9 thoughts on “Is ethanol really green?”

  1. Theer are two issues here that are often conflated, and while in general you do well to seperate them you kind of lump them together at the end. There is the environemtnal question and there is the oil replacement question. While it would be nice to achieve both, doing on or the other has benefits.

  2. I've long been mystified by ethanol. I hear that one nutritional calorie from farm produce requires nine calories of petroleum for fertilizer, trucking, etc.
    Best case it seems that energy-efficient ethanol will require the same land-brutaling farming methods that the Confederacy used.
    Am I missing something?

  3. Why can't we just skip the whole fermentation process and pour the sugar straight into our gas tanks?

  4. "Why can't we just skip the whole fermentation process and pour the sugar straight into our gas tanks?"
    That's not an absurd question. It is in fact possible to build an internal combustion engine, (And a lot easier to build a steam engine!) that runs off sugar, (Though I believe there are coking problems; Have you ever burnt sugar while cooking?) or powdered coal, or finely ground celulose. And it would be considerably more efficient.
    The chief objection to doing so is that gasoline engines require very little modification to run off ethanol, and it's easily introduced into the existing vehicular fuel system.
    But if we really were going to make a break from gasoline, and try to run our vehicles off of biofuels, it might be a reasonable thing to do.

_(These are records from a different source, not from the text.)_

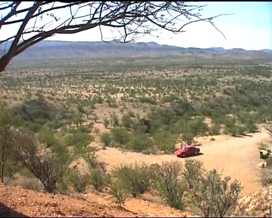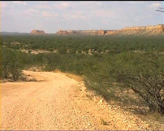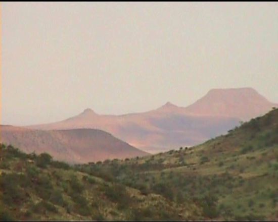 Da ich mehr Schlafensvorsprung habe, stehe ich wieder um 6.00 Uhr zum Sonnenaufgang auf. Beim Öffnen der Türe liegt unser Wachhund direkt vor meinen Füßen und wedelt mit seinem Schwanz den Staub hoch. Nachdem der Generator eingeschaltet ist, kann ich auch meinen obligatorischen Morgenkaffee kochen. Dabei scheine ich noch nicht ganz uptodate zu sein, denn in meinen Becher gebe ich fünf Löffel und die Thermoskanne ist mit einem Löffel versehen und daher natürlich mit 'Bodenseh'-Kaffee gefüllt. Gegen 7.00 Uhr tut sich was, Ulrike betritt die Terrasse und ich soll Christel wecken. 8.00 Uhr Frühstück. Gegen 9.00 Uhr fahren wir los und wählen die Route über den Grotberg-Paß (1540 m ) nach Kamamjab, nachdem wir das Tierseuchengatter, das uns schon seit der Skelett-Küste begleitet, passiert haben.
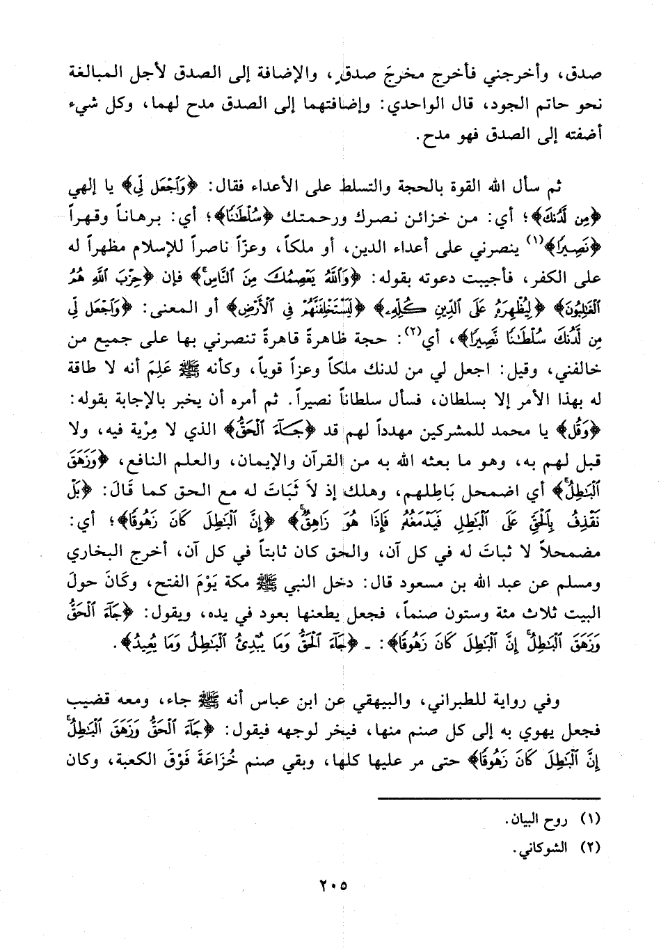 81 - ثم أمره أن يخبر بالإجابة بقوله: {وَقُلْ} يا محمد للمشركين مهددًا لهم قد {جاءَ الْحَقُّ} الذي لا مرية فيه، ولا قبل لهم به، وهو ما بعثه الله به من القرآن والإيمان، والعلم النافع، {وَزَهَقَ الْباطِلُ} أي اضمحل باطلهم، وهلك إذ لا ثبات له مع الحق كما قال: {بَلْ نَقْذِفُ بِالْحَقِّ عَلَى الْباطِلِ فَيَدْمَغُهُ فَإِذا هُوَ زاهِقٌ} {إِنَّ الْباطِلَ كانَ زَهُوقًا}؛ أي: مضمحلًا لا ثبات له في كل آن، والحق كان ثابتًا في كل آن، أخرج البخاري ومسلم عن عبد الله بن مسعود قال: دخل النبي - صلى الله عليه وسلم - مكة يوم الفتح، وكان حول البيت ثلاث مئة وستون صنمًا، فجعل يطعنها بعود في يده، ويقول: {جاءَ الْحَقُّ وَزَهَقَ الْباطِلُ إِنَّ الْباطِلَ كانَ زَهُوقًا}: - {جاءَ الْحَقُّ وَما يُبْدِئُ الْباطِلُ وَما يُعِيدُ}.
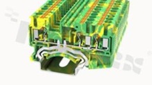 Installation terminal block; 1-level; through; 3-contacts for wire 0.2-4.0mm2 (26-12AWG); spring-loaded; yellow-green; for DIN rail
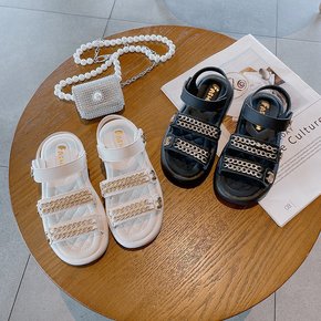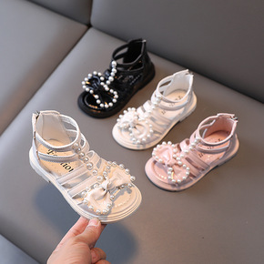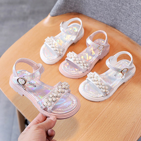 2022年夏季新款女童时尚水砖珍珠凉鞋小女孩中大童...
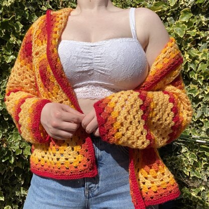 The squares are joined as you go, so there’s no seaming afterwards. The sleeves are worked in the round downwards from the shoulder to the cuff. The hood is worked upwards in one piece and there’s a short seam to close the top of the hood. This seam is worked in ss and can’t be seen, even when the hood is down. This pattern is great for using up yarn scraps.
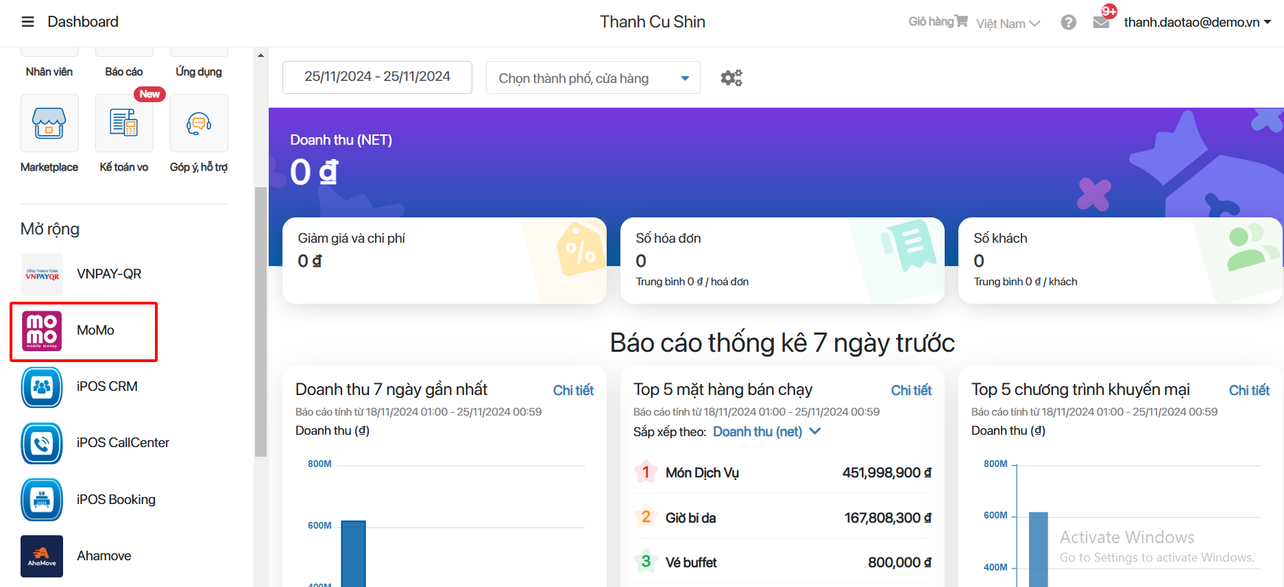 - Bước 2: Tại giao diện chính, tìm đến mục “Mở rộng” và chọn “MoMo“.

  5. Mike, the sugar boys throw lots of money at the Dems, too.
    Petroleum is such a spectacularly useful fuel, high energy density, you can turn it on and off in an instant, it's a great shame to be wasting it for things like power plants.

  6. Software promised for delivery in six months used to be called "vaporware" in the computer business.
    Today we call that period of time "one Friedman."